• [Task requirements] Write the data out again exactly, dropping any images it holds.

• [Materials provided]
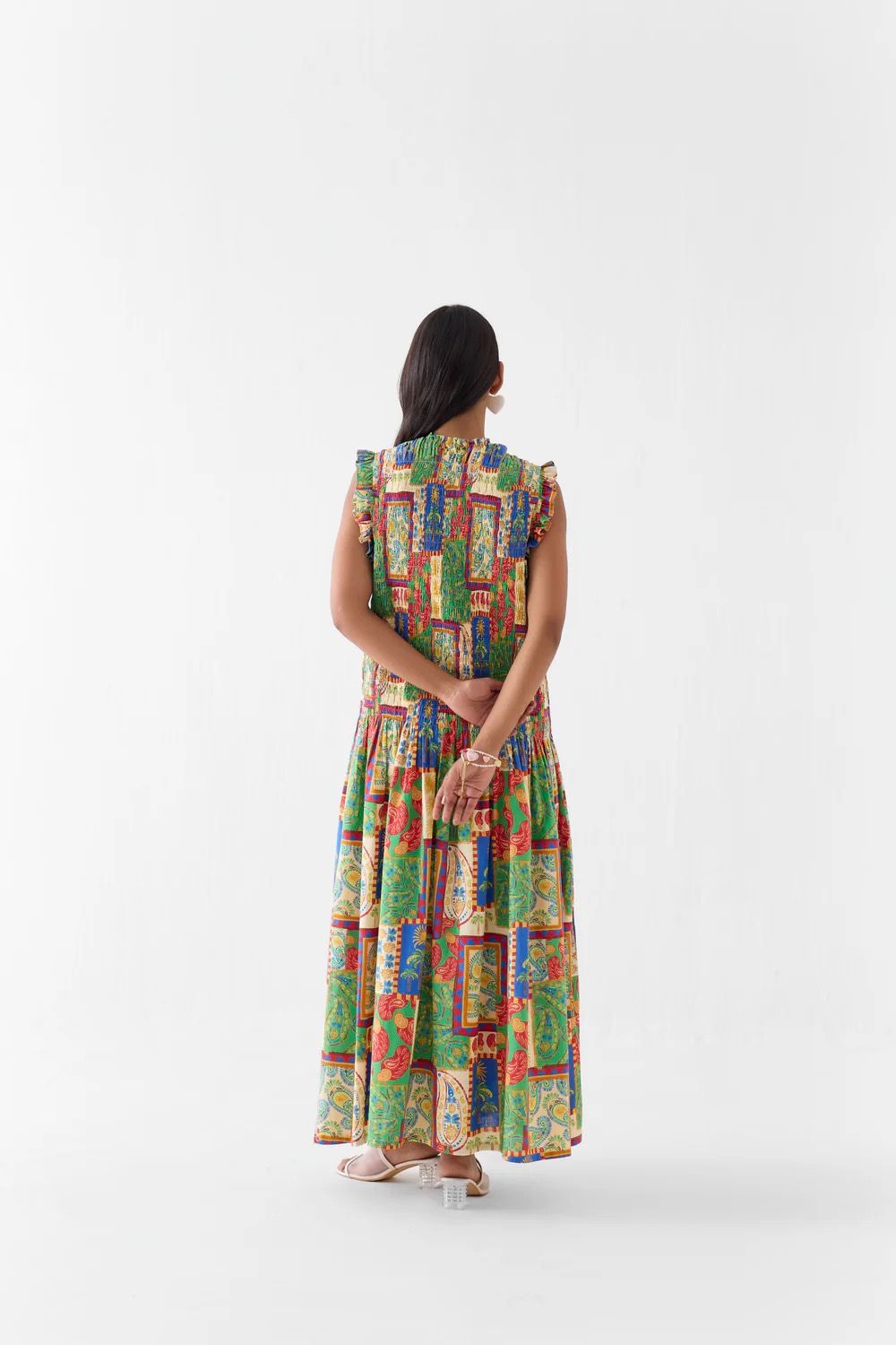 The Johari Ruching Dress crafted from our 100% cotton fabrication, trans-seasonal, is a statement piece. The dress, made in our hand drawn Johari patchwork print with all over paisleys, reflects fine artisanal craftsmanship. It is full length. With ruching all the way till the waist, this dress has ... Read more cap sleeves and gathers. Featuring a summery look, it has a straight fit. Wear it with strappy heels for an elegant look. DETAILS: The model is wearing a Size S.
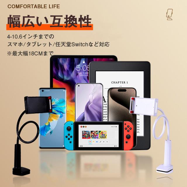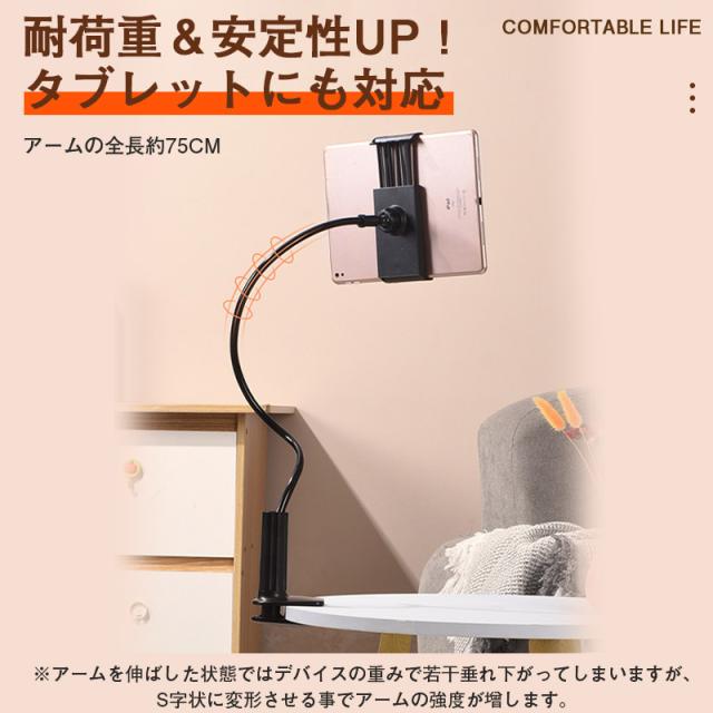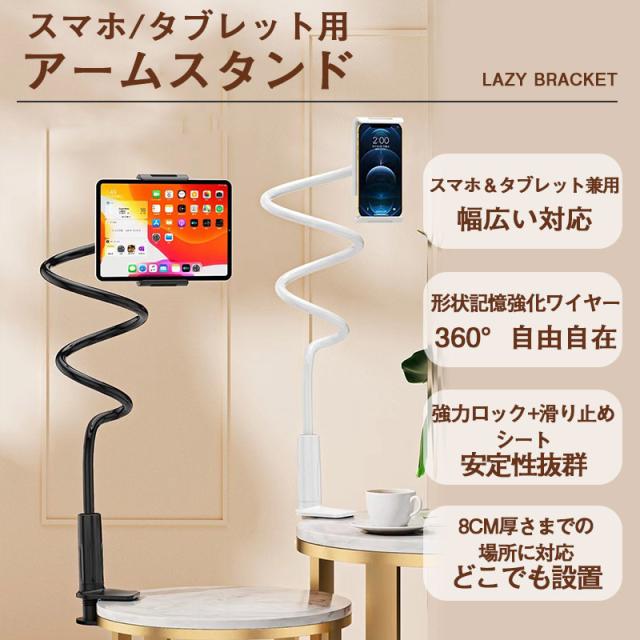 スマホスタンド スマホホルダー 卓上 フレキシブル 寝ながら アーム 携帯スタンド 携帯ホルダー キッチン 料理 撮影 動画撮影 写真撮影 音楽再生 デスク リビング 寝室 机 縦横 在宅 テレワーク 配信 曲がる 角度調整 スマホ
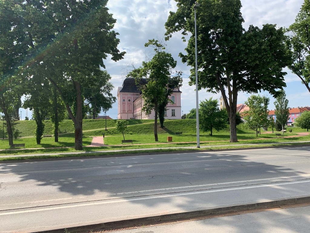 - Dvorac Dore Pejačević blista ispred knjižnice, a na nagovor promotorice Diane G. Kovač i ja se trpam uz najpoznatiju vedutu Virovitice
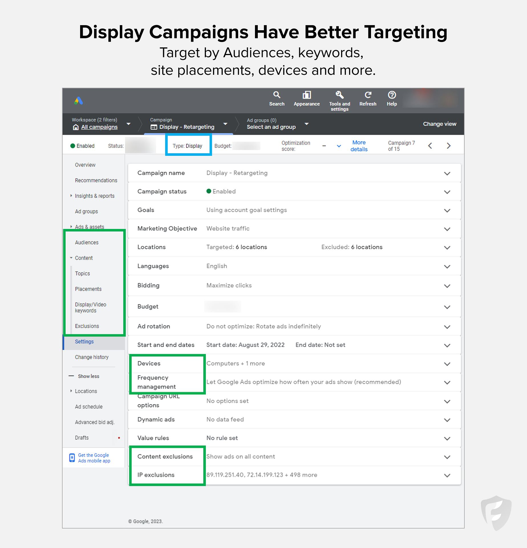 2. Limited targeting options (e.g. no campaign level IP exclusions!)
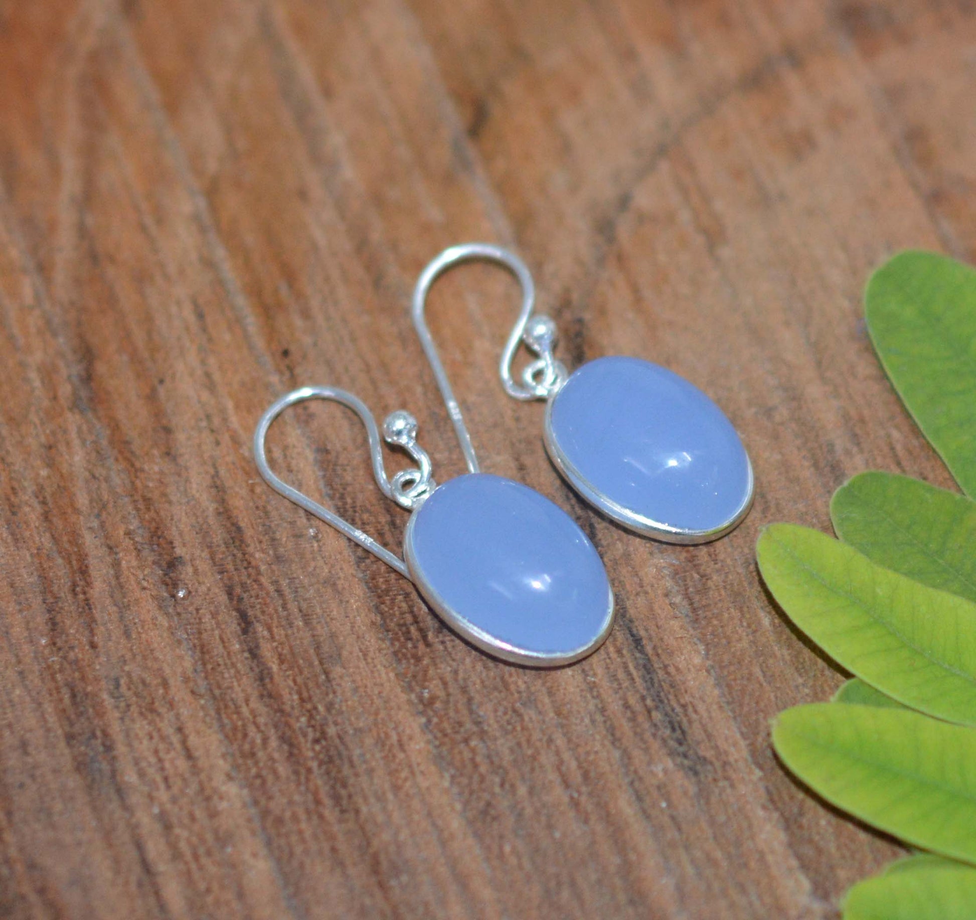925 SOLID STERLING SILVER BLUE CHALCEDONY HOOK EARRING-1 INCH
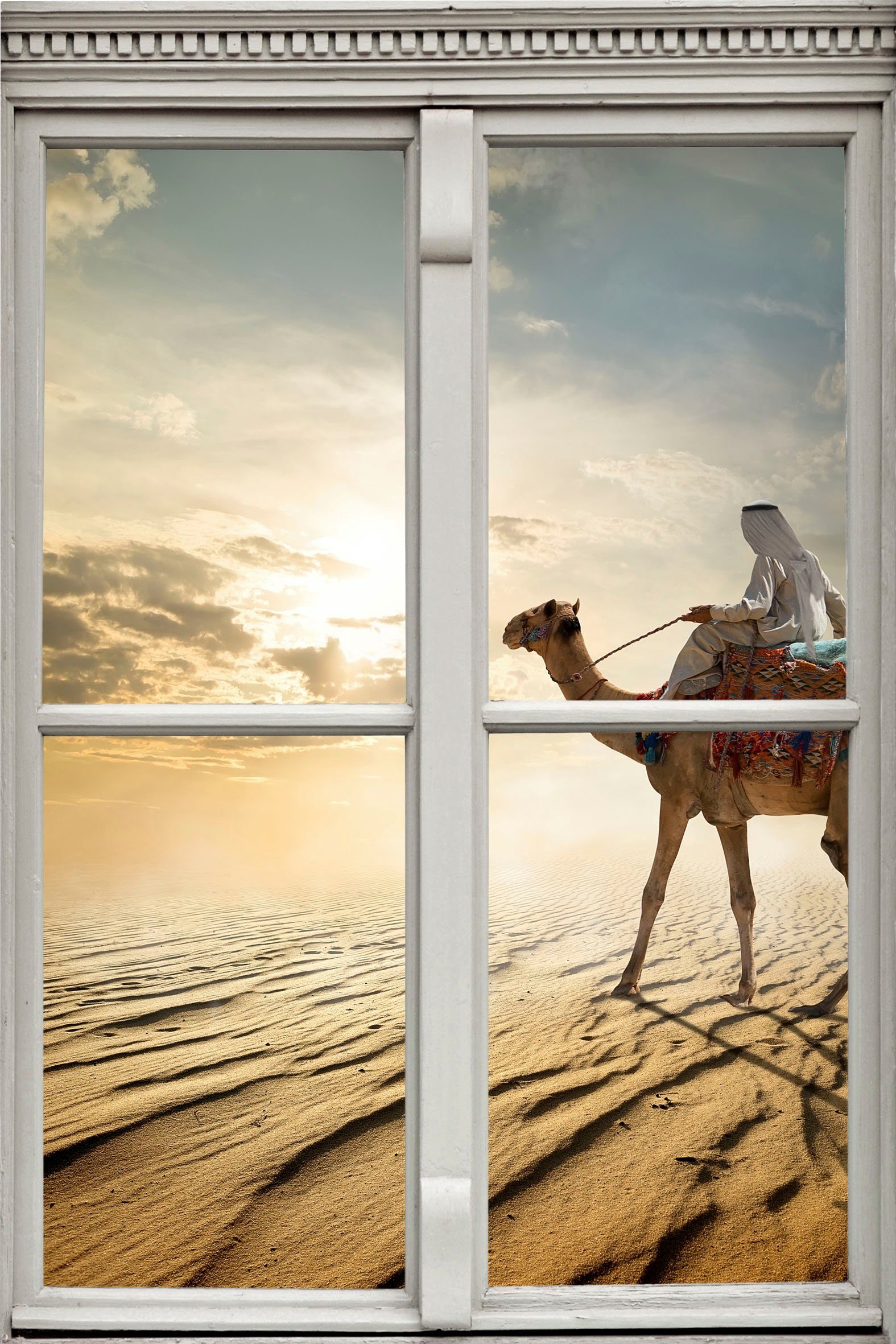 queence Wandsticker Kamel in der Wüste, Wandsticker, Wandbild, selbstklebend, 3D, Fenster

• [Answer]
 The Johari Ruching Dress crafted from our 100% cotton fabrication, trans-seasonal, is a statement piece. The dress, made in our hand drawn Johari patchwork print with all over paisleys, reflects fine artisanal craftsmanship. It is full length. With ruching all the way till the waist, this dress has ... Read more cap sleeves and gathers. Featuring a summery look, it has a straight fit. Wear it with strappy heels for an elegant look. DETAILS: The model is wearing a Size S.
 スマホスタンド スマホホルダー 卓上 フレキシブル 寝ながら アーム 携帯スタンド 携帯ホルダー キッチン 料理 撮影 動画撮影 写真撮影 音楽再生 デスク リビング 寝室 机 縦横 在宅 テレワーク 配信 曲がる 角度調整 スマホ
 - Dvorac Dore Pejačević blista ispred knjižnice, a na nagovor promotorice Diane G. Kovač i ja se trpam uz najpoznatiju vedutu Virovitice
 2. Limited targeting options (e.g. no campaign level IP exclusions!)
925 SOLID STERLING SILVER BLUE CHALCEDONY HOOK EARRING-1 INCH
 queence Wandsticker Kamel in der Wüste, Wandsticker, Wandbild, selbstklebend, 3D, Fenster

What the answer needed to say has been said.